• **SUPPLIED INFORMATION**

....

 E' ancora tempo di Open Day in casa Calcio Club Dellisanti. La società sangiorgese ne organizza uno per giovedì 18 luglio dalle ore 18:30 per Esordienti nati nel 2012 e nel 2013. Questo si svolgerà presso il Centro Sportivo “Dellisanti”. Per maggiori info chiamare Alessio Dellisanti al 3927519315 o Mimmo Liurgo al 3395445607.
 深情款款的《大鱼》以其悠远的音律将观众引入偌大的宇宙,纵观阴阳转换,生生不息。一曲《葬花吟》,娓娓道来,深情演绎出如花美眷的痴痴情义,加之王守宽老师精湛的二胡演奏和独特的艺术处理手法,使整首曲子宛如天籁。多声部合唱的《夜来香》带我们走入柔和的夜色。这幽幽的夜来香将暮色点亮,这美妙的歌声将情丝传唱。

....

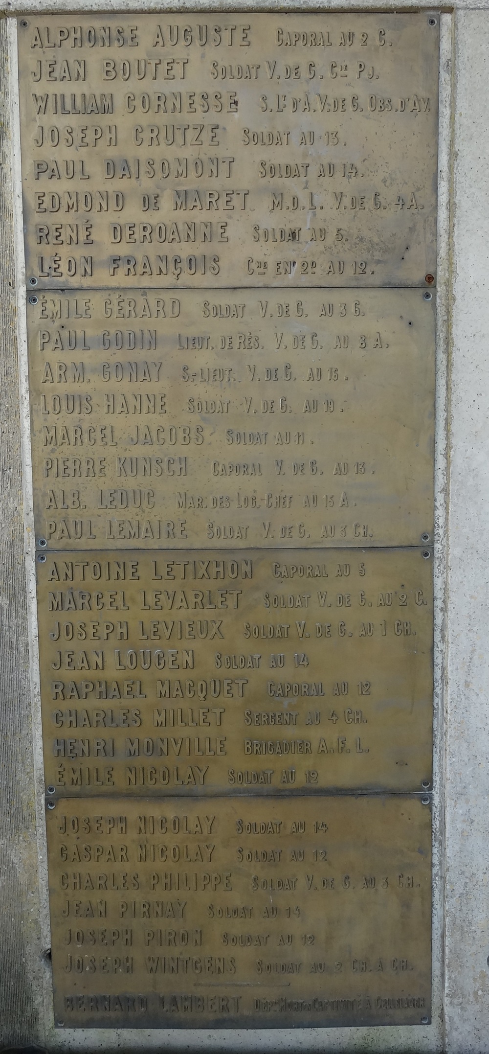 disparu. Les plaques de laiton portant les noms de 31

....

• **WHAT THE EXERCISE ASKS**
Give back precisely the lines above that start at the line containing "E' ancora tempo" and end at the line containing "深情款款的《大鱼》以其悠远的", inclusive. No other lines belong in the output.

• **ANSWER TO THE EXERCISE**
 E' ancora tempo di Open Day in casa Calcio Club Dellisanti. La società sangiorgese ne organizza uno per giovedì 18 luglio dalle ore 18:30 per Esordienti nati nel 2012 e nel 2013. Questo si svolgerà presso il Centro Sportivo “Dellisanti”. Per maggiori info chiamare Alessio Dellisanti al 3927519315 o Mimmo Liurgo al 3395445607.
 深情款款的《大鱼》以其悠远的音律将观众引入偌大的宇宙,纵观阴阳转换,生生不息。一曲《葬花吟》,娓娓道来,深情演绎出如花美眷的痴痴情义,加之王守宽老师精湛的二胡演奏和独特的艺术处理手法,使整首曲子宛如天籁。多声部合唱的《夜来香》带我们走入柔和的夜色。这幽幽的夜来香将暮色点亮,这美妙的歌声将情丝传唱。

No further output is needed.